* TASK MATERIAL *
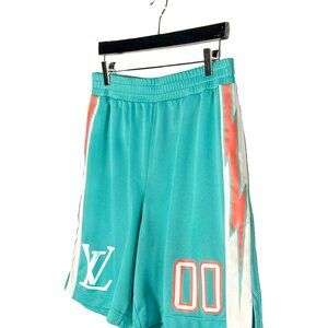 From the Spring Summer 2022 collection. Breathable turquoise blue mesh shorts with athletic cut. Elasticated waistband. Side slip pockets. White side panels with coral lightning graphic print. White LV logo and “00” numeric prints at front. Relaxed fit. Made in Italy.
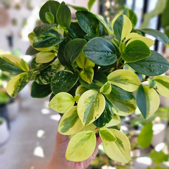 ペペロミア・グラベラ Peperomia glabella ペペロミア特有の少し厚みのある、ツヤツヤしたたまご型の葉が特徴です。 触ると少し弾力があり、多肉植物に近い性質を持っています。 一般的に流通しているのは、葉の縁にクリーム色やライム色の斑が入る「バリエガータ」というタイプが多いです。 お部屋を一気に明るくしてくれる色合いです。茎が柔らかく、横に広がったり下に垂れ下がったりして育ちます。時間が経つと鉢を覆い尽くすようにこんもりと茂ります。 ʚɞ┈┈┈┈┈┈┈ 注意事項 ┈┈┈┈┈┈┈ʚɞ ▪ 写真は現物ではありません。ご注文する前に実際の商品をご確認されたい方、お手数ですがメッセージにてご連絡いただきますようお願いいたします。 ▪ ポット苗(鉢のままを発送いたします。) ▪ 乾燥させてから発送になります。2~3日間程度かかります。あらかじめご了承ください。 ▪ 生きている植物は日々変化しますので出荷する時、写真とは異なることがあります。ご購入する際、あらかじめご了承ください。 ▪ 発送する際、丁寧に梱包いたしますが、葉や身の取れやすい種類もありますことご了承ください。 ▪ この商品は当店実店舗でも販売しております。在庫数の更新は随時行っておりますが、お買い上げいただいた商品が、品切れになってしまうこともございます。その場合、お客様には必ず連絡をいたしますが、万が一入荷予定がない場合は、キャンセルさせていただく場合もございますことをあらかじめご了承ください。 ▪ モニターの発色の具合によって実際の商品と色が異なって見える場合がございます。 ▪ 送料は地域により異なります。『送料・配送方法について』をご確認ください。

* * *

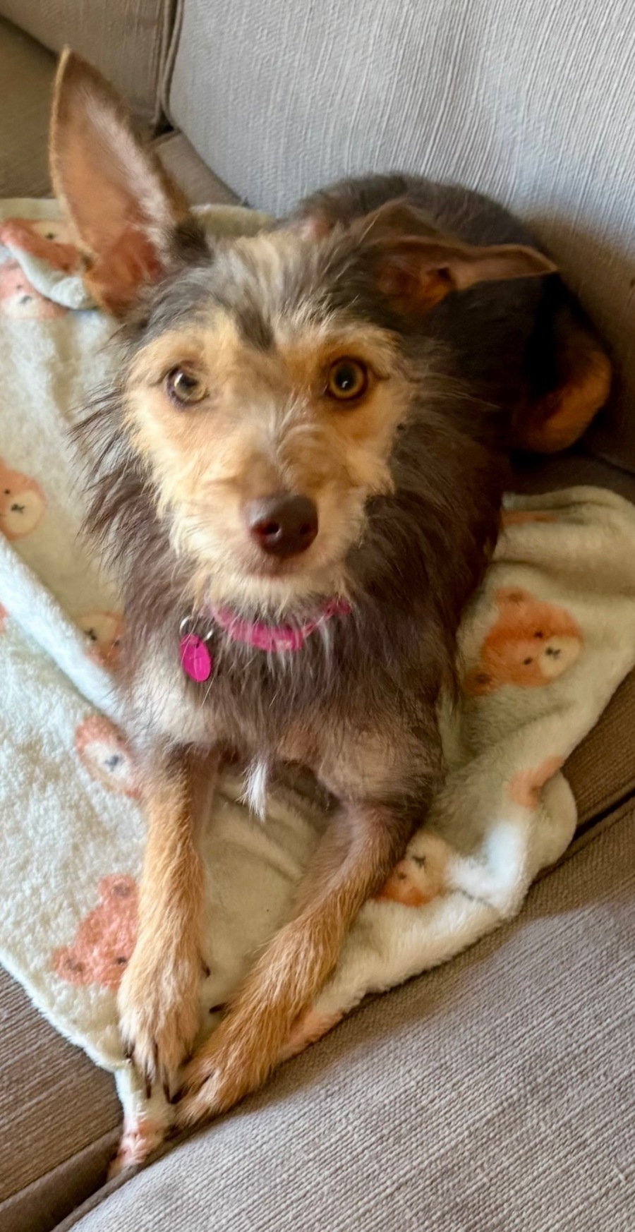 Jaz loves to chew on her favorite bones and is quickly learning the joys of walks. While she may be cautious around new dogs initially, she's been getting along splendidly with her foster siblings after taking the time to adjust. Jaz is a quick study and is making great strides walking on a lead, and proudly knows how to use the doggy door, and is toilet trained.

* ASSIGNMENT *
Among the entries above, find the line with "From the Spring" and repeat exactly from there through the line with "ペペロミア・グラベラ Peperomia glabella", leaving out the pictures.

* EXERCISE RESULT *
 From the Spring Summer 2022 collection. Breathable turquoise blue mesh shorts with athletic cut. Elasticated waistband. Side slip pockets. White side panels with coral lightning graphic print. White LV logo and “00” numeric prints at front. Relaxed fit. Made in Italy.
 ペペロミア・グラベラ Peperomia glabella ペペロミア特有の少し厚みのある、ツヤツヤしたたまご型の葉が特徴です。 触ると少し弾力があり、多肉植物に近い性質を持っています。 一般的に流通しているのは、葉の縁にクリーム色やライム色の斑が入る「バリエガータ」というタイプが多いです。 お部屋を一気に明るくしてくれる色合いです。茎が柔らかく、横に広がったり下に垂れ下がったりして育ちます。時間が経つと鉢を覆い尽くすようにこんもりと茂ります。 ʚɞ┈┈┈┈┈┈┈ 注意事項 ┈┈┈┈┈┈┈ʚɞ ▪ 写真は現物ではありません。ご注文する前に実際の商品をご確認されたい方、お手数ですがメッセージにてご連絡いただきますようお願いいたします。 ▪ ポット苗(鉢のままを発送いたします。) ▪ 乾燥させてから発送になります。2~3日間程度かかります。あらかじめご了承ください。 ▪ 生きている植物は日々変化しますので出荷する時、写真とは異なることがあります。ご購入する際、あらかじめご了承ください。 ▪ 発送する際、丁寧に梱包いたしますが、葉や身の取れやすい種類もありますことご了承ください。 ▪ この商品は当店実店舗でも販売しております。在庫数の更新は随時行っておりますが、お買い上げいただいた商品が、品切れになってしまうこともございます。その場合、お客様には必ず連絡をいたしますが、万が一入荷予定がない場合は、キャンセルさせていただく場合もございますことをあらかじめご了承ください。 ▪ モニターの発色の具合によって実際の商品と色が異なって見える場合がございます。 ▪ 送料は地域により異なります。『送料・配送方法について』をご確認ください。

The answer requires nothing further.